リラードが帰ってきた|ブレイザーズとの3年契約で“第2章”が始動


2025年7月17日(米国時間)、NBAのスターガード、デイミアン・リラードが、かつてキャリア最初の11年間を過ごしたポートランド・トレイルブレイザーズと再び契約を交わしたというニュースが全米を駆け巡った。契約内容は3年4200万ドル(約62億円)で、2027–28シーズンがプレイヤーオプションとなっており、さらにトレード拒否権も盛り込まれている。これは現役NBA選手の中でもレブロン・ジェームズとリラードの2人のみが持つ特権であり、彼にとってこの契約がいかに特別であるかを物語っている。

怪我と手術、そして決断:バックス時代の終焉

リラードは2023年にブレイザーズからミルウォーキー・バックスへ移籍し、ヤニス・アデトクンボとのスーパーデュオとして注目を集めた。しかしバックスでの2年間は、思うような結果を残すことができなかった。

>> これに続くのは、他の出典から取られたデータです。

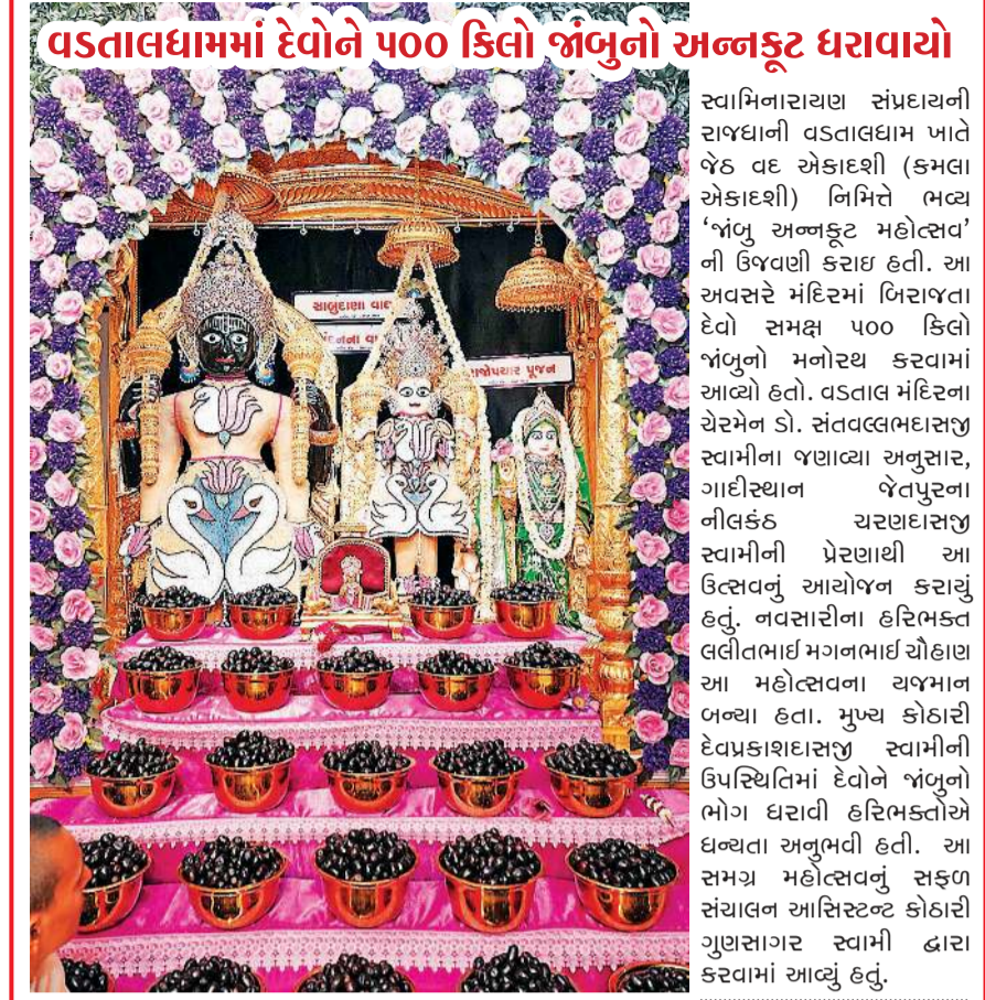
વડતાલધામમાં દેવોને ૫૦૦ કિલો જાંબુનો અન્નકૂટ ધરાવાયો

ખનન પ્રવૃત્તિને અંજામ આપવા માટે ભૂમાફિયાઓ દ્વારા આખું સુનિયંત્રિત નેટવર્ક ગોઠવવામાં આવ્યું હતું. ચોમાસા પહેલા ડબલ ગતિથી ખનન કરવા માટે તેઓ નજીકના ગામથી લઈને ખનન સ્થળ સુધી પોતાના માણસો ગોઠવતા હતા. આ માણસો કોઈ પણ શંકાસ્પદ કે સરકારી ગાડીની હલચલની માહિતી તુરંત જ વોટ્સએપ વોર્કસ મેસેજ દ્વારા ચોક્કસ ગ્રુપમાં આપતા હતા, જેથી અધિકારીઓ પહોંચે તે પહેલા જ તેઓ ભાગી છૂટતા હતા. ખોડે, આ વખતે તેમની આ ચાલાકી કામ ન આવી અને તંત્રને મોટી સફળતા મળી છે.

さらに2025年プレーオフ1回戦では、左足のアキレス腱を断裂。5月に手術を受け、シーズン残りを欠場することとなった。34歳という年齢を考えると、この大怪我はキャリアの転機であり、リハビリとその後の復帰に対する慎重な判断が求められた。

その後、7月7日にバックスとのバイアウトが成立。リラードは残りの契約金、約1億1300万ドル(約167億円)を今後5年間で分割して受け取る形となり、完全FA(フリーエージェント)として市場に出ることとなった。

家族と共に過ごす時間、そして「ホーム」への想い


リラードがポートランドを「ホーム」と呼ぶのには理由がある。彼の家族、特に子どもたちが今もポートランドで生活しており、地元コミュニティとも深いつながりを持っている。彼はかつて「自分のバスケットボール人生はポートランドと共にあった」と語っていたほどで、その帰還は感情的な意味でも極めて大きなものである。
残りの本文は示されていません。